(Input data begins)

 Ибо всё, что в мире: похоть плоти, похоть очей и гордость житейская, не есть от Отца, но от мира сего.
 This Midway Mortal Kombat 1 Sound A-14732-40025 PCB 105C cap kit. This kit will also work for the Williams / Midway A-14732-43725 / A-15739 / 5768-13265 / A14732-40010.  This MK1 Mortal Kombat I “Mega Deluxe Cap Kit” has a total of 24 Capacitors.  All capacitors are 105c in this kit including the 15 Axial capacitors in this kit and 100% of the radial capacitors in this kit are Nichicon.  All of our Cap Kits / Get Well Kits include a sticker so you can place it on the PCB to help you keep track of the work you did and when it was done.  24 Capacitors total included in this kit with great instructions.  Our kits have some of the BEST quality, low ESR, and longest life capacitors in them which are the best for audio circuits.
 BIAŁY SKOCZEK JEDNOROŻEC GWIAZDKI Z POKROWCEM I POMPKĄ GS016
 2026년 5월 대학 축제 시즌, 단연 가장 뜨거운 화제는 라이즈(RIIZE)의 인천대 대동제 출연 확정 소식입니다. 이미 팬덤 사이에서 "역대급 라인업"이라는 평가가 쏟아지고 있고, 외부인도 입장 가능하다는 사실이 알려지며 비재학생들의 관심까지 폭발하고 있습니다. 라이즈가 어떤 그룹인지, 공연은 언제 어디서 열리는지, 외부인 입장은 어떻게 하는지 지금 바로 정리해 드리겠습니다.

(Input data ends)

Exercise aim:
Exactly reproduce every line of the data above.

Task solution:
 Ибо всё, что в мире: похоть плоти, похоть очей и гордость житейская, не есть от Отца, но от мира сего.
 This Midway Mortal Kombat 1 Sound A-14732-40025 PCB 105C cap kit. This kit will also work for the Williams / Midway A-14732-43725 / A-15739 / 5768-13265 / A14732-40010.  This MK1 Mortal Kombat I “Mega Deluxe Cap Kit” has a total of 24 Capacitors.  All capacitors are 105c in this kit including the 15 Axial capacitors in this kit and 100% of the radial capacitors in this kit are Nichicon.  All of our Cap Kits / Get Well Kits include a sticker so you can place it on the PCB to help you keep track of the work you did and when it was done.  24 Capacitors total included in this kit with great instructions.  Our kits have some of the BEST quality, low ESR, and longest life capacitors in them which are the best for audio circuits.
 BIAŁY SKOCZEK JEDNOROŻEC GWIAZDKI Z POKROWCEM I POMPKĄ GS016
 2026년 5월 대학 축제 시즌, 단연 가장 뜨거운 화제는 라이즈(RIIZE)의 인천대 대동제 출연 확정 소식입니다. 이미 팬덤 사이에서 "역대급 라인업"이라는 평가가 쏟아지고 있고, 외부인도 입장 가능하다는 사실이 알려지며 비재학생들의 관심까지 폭발하고 있습니다. 라이즈가 어떤 그룹인지, 공연은 언제 어디서 열리는지, 외부인 입장은 어떻게 하는지 지금 바로 정리해 드리겠습니다.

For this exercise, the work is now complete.